* _Input for this task_:

|---|

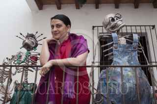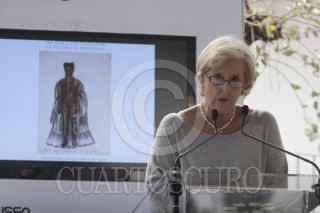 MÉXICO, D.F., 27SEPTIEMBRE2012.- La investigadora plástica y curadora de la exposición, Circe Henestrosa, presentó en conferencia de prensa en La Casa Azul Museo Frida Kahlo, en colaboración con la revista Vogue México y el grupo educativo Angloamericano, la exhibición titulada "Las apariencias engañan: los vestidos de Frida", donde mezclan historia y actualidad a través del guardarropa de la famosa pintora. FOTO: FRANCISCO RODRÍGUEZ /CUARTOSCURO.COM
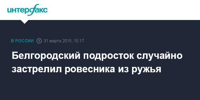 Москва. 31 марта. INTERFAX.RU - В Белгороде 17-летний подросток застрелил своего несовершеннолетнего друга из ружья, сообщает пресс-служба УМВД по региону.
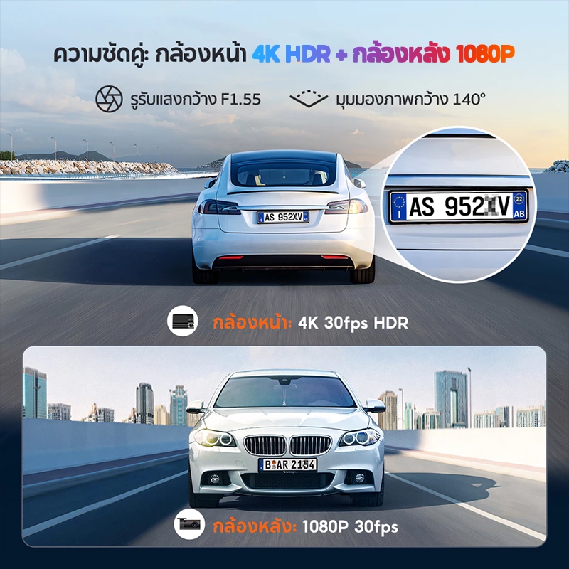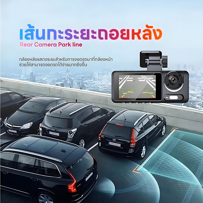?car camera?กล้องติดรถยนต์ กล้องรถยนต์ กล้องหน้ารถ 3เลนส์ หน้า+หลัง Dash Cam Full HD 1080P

|---|

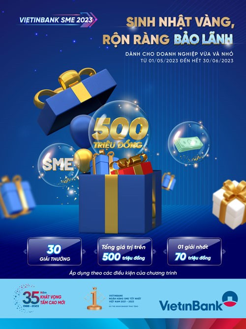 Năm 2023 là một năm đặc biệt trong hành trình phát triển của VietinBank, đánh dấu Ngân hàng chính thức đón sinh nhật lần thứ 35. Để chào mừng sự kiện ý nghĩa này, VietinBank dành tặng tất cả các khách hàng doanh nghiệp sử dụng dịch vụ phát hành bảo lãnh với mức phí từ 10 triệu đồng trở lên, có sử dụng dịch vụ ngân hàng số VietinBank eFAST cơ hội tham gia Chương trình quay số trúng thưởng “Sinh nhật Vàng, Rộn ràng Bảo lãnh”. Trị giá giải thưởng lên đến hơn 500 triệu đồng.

|---|

* _Exercise aim_:
Transcribe, word for word, the lines of the listing above from the one that contains "Москва. 31 марта." through the one that contains "Full HD 1080P", keeping both ends and dropping the pictures.

* _Answer to the exercise_:
 Москва. 31 марта. INTERFAX.RU - В Белгороде 17-летний подросток застрелил своего несовершеннолетнего друга из ружья, сообщает пресс-служба УМВД по региону.
?car camera?กล้องติดรถยนต์ กล้องรถยนต์ กล้องหน้ารถ 3เลนส์ หน้า+หลัง Dash Cam Full HD 1080P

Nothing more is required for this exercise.